No Small Stuff (cont.): Athens-Clarke County Addresses Voters Registered at Mailbox Store
[Image courtesy of dca.state.ga.us]
Big stories are starting to creep into the election headlines again, with lawsuits filed by Democrats in key states and an election policy speech by Democratic presidential candidate Hillary Clinton that will reportedly call for an expansion of early voting, among other proposals – but across the country, the day-to-day work of election administration continues.
For example, in Athens, GA the election board is working through the followup to the discovery that several people were registered to vote at a local mailbox store.
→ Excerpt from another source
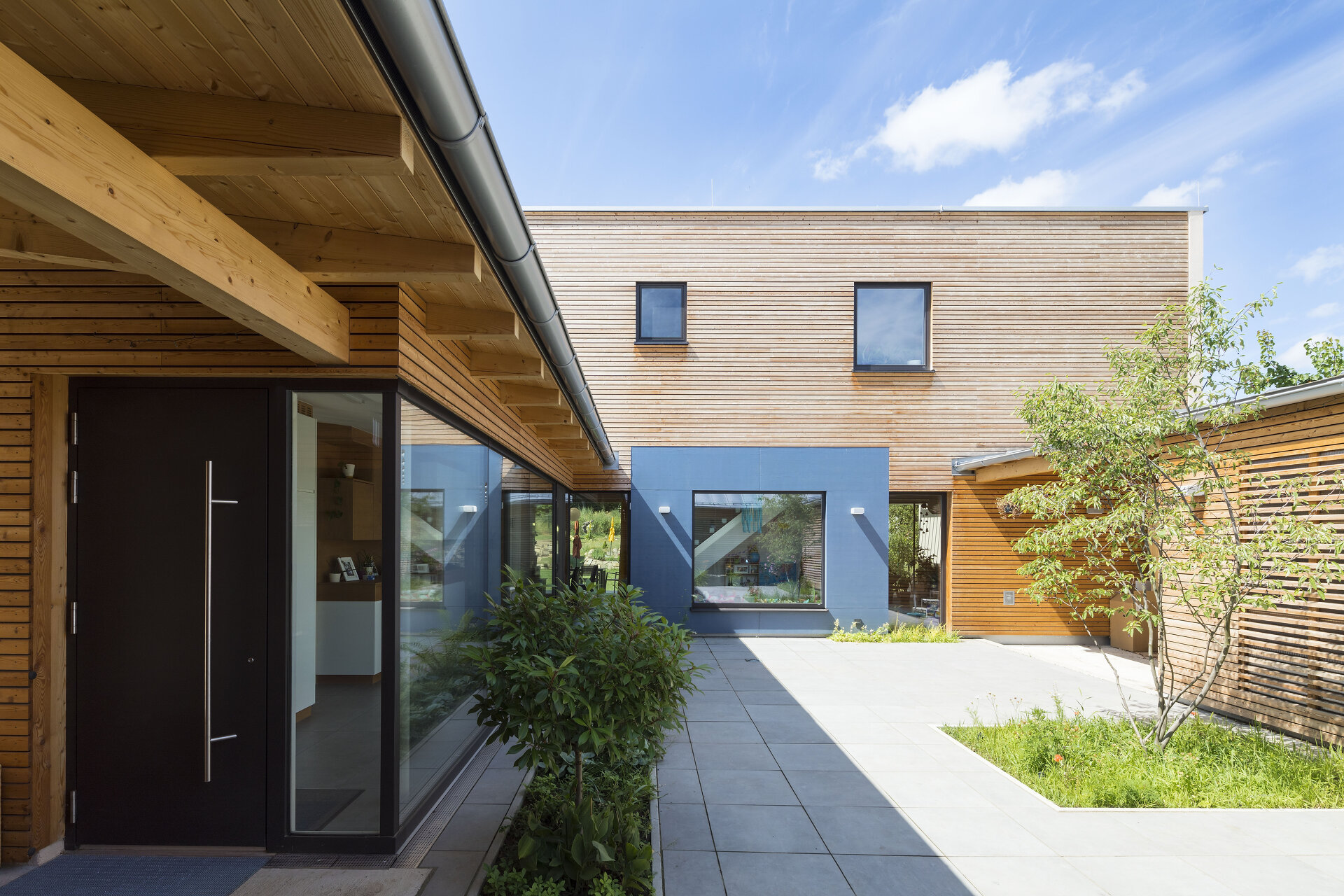 Das Haus gliedert sich in zwei winkelförmige Gebäudeteile: Der „kalte Winkel“ ist unbeheizt und beinhaltet Hauseingang, Garage und die Wirtschaftsräume. Er ist eingeschossig und zur Straße orientiert. Der „warme Winkel“ beinhaltet die eigentlichen Wohnfunktionen und ist zur Gartenseite zweigeschossig. Beide Winkel zusammen bilden ein nicht einsehbares, windgeschütztes Atrium, das als erweitertes Wohnzimmer im Sommer dient.

OnlineAthens has more:
Twelve people whose voter registration records indicate they are living in a UPS Store on Alps Road could have their registrations challenged by Athens-Clarke County elections officials.
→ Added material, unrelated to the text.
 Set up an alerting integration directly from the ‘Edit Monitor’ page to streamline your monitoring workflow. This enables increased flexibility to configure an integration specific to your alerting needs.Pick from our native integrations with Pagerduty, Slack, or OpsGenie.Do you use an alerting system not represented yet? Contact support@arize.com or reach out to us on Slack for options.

The 12 people are among 20 registered voters whose claims of residency at 196 Alps Road, the address for the Beechwood shopping center.
The multiple uses of that single address attracted the attention of the Athens-Clarke County Board of Elections office during its most recent “street audit,” a process by which elections officials ensure that individual voters are assigned to the correct combination of local, state and federal electoral districts.
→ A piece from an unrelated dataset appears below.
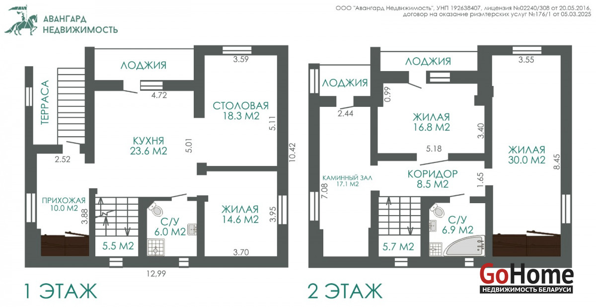 II уровень: жилая комната с выходом на лоджию, большая жилая комната 30 м2, каминный зал с выходом на лоджию, санузел с ванной и душевой кабиной.

Unlike a similar story in Minneapolis last year, there doesn’t seem to be any allegation that these registrations are improper; rather, the County is working through the process of investigating and resolving the registrations at issue:
Elections officials don’t suspect anything nefarious in the residency claims, surmising that the voters use the mailbox services at the UPS Store in the shopping center, and used that address rather than the required residential address on their voter registration forms.
Athens-Clarke County Elections Supervisor Gail Schrader acknowledged last month that votes could have been cast by the people claiming the 196 Alps Road address, because there would not necessarily have been any way for poll workers to differentiate it from a residential address, but she also noted that the small number of voters involved would not have had any effect on election results.
Last month, the elections board sent letters including a new voter registration form to the 20 voters, and at Tuesday’s board meeting, Schrader said eight of the cases had been resolved, most of them through voters simply changing their registration addresses.
In one case, elections officials discovered that the voter was a convicted felon, who was subsequently dropped from voter rolls, and in another case, a registration was canceled because the voter had been inactive for some time.
Schrader went on to tell the board Tuesday that additional letters had been sent to the 12 voters whose situations remain unresolved.
Given the storm that is re-gathering nationally over election policy – as it inevitably does in the run-up to a presidential election – I still think stories like this one are important for a few reasons. First, they illuminate how local election boards constantly deal with challenges like this in the day-to-day conduct of their duties. Second, they demonstrate how much of this work ends up being done without litigation and/or partisan rhetoric. And finally, stories like Athens’ are proof that election administration operates outside of the whirl of policymaking and litigation that so often grabs the headlines.
Athens-Clarke’s “UPS problem” may seem like small stuff when compared to other headlines – but as we’ve seen time and again in this field, there is no small stuff when it comes to managing elections.